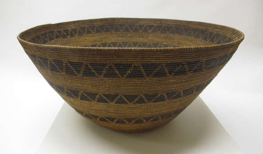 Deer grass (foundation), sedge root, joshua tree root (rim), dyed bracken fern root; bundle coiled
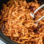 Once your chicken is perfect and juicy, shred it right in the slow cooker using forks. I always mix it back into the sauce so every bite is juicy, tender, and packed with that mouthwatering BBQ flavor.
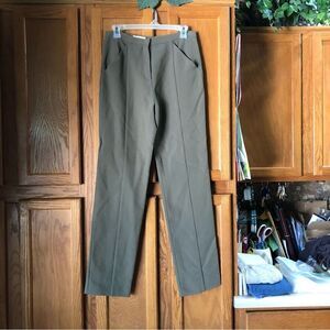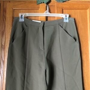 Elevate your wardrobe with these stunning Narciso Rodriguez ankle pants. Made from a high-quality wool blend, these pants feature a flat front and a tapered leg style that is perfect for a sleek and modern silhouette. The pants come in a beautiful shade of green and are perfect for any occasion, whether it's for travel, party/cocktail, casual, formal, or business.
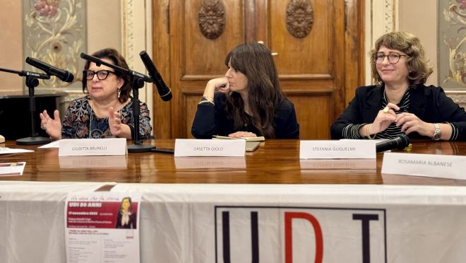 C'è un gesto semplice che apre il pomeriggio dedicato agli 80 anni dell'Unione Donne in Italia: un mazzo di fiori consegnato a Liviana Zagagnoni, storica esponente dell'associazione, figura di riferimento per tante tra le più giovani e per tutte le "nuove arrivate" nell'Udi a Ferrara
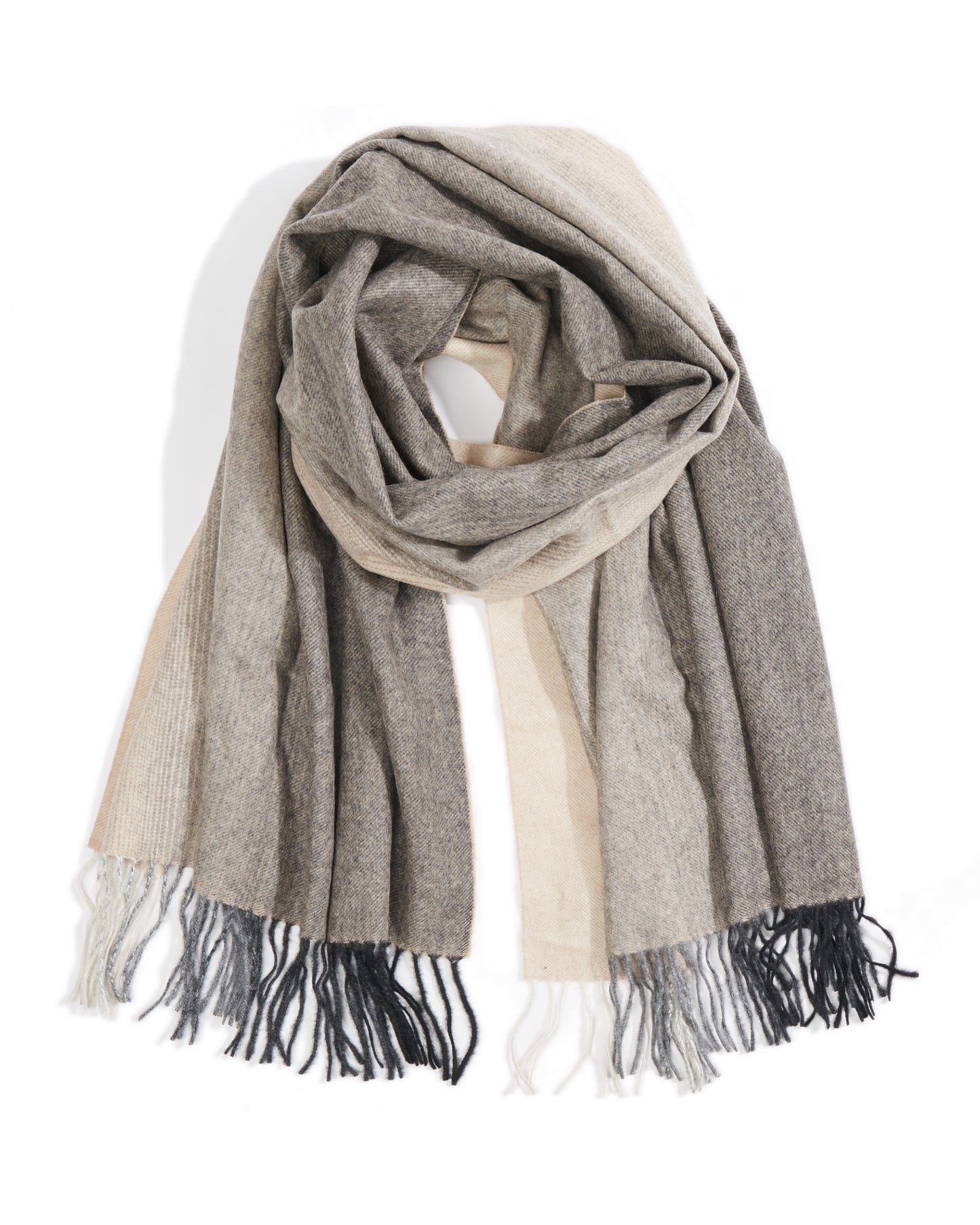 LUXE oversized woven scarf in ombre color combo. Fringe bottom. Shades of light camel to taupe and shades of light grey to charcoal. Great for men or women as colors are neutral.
· · · ·
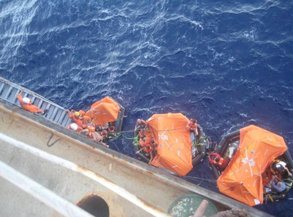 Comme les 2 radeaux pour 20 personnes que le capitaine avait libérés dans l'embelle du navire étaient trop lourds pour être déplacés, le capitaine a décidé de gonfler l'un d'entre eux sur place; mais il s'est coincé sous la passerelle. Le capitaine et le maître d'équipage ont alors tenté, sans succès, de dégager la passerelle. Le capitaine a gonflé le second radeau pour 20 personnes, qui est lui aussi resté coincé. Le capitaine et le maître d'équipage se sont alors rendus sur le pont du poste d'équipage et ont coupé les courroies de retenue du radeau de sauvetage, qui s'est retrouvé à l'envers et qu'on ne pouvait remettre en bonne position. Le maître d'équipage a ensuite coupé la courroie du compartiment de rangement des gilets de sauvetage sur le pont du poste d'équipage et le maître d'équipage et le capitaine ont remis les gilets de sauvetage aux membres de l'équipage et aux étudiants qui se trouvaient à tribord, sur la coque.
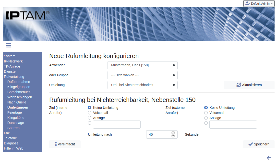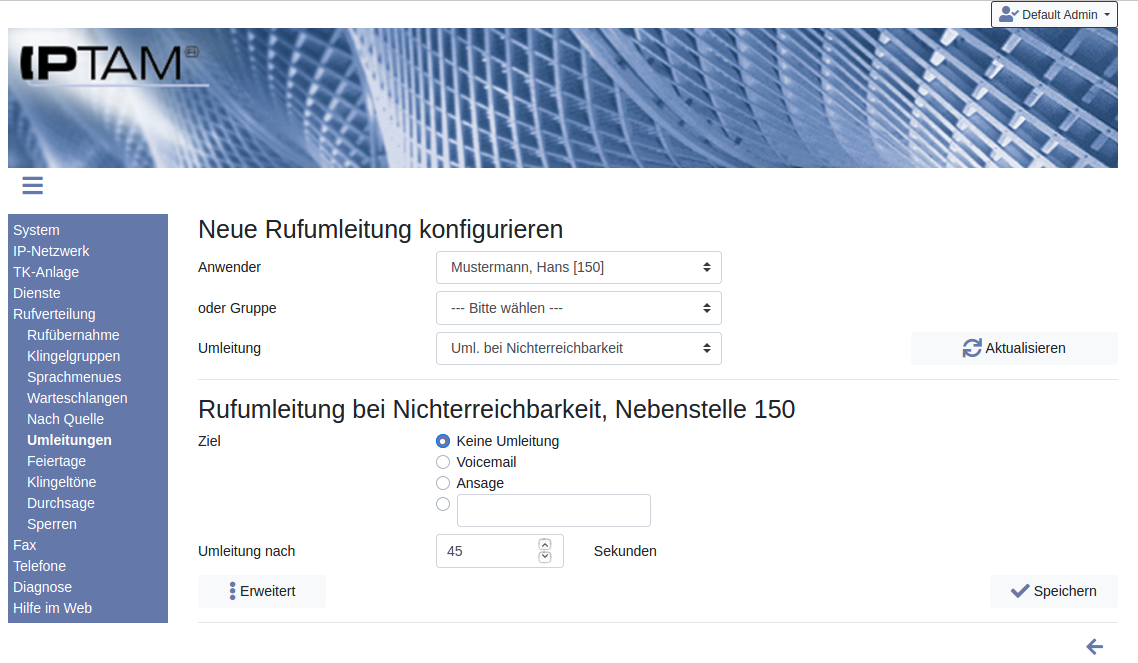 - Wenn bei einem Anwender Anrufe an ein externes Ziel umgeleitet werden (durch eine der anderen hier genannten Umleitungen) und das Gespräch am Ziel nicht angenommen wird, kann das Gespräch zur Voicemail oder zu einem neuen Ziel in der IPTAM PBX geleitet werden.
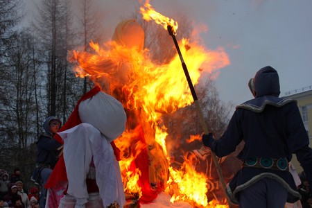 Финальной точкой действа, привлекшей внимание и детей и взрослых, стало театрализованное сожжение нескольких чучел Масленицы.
· · · ·
-- Aim of the exercise --
The answer is the lines above from the one with "Deer grass (foundation), sedge" to the one with "LUXE oversized woven", set down exactly, with no pictures.

-- Worked solution --
 Deer grass (foundation), sedge root, joshua tree root (rim), dyed bracken fern root; bundle coiled
 Once your chicken is perfect and juicy, shred it right in the slow cooker using forks. I always mix it back into the sauce so every bite is juicy, tender, and packed with that mouthwatering BBQ flavor.
 Elevate your wardrobe with these stunning Narciso Rodriguez ankle pants. Made from a high-quality wool blend, these pants feature a flat front and a tapered leg style that is perfect for a sleek and modern silhouette. The pants come in a beautiful shade of green and are perfect for any occasion, whether it's for travel, party/cocktail, casual, formal, or business.
 C'è un gesto semplice che apre il pomeriggio dedicato agli 80 anni dell'Unione Donne in Italia: un mazzo di fiori consegnato a Liviana Zagagnoni, storica esponente dell'associazione, figura di riferimento per tante tra le più giovani e per tutte le "nuove arrivate" nell'Udi a Ferrara
 LUXE oversized woven scarf in ombre color combo. Fringe bottom. Shades of light camel to taupe and shades of light grey to charcoal. Great for men or women as colors are neutral.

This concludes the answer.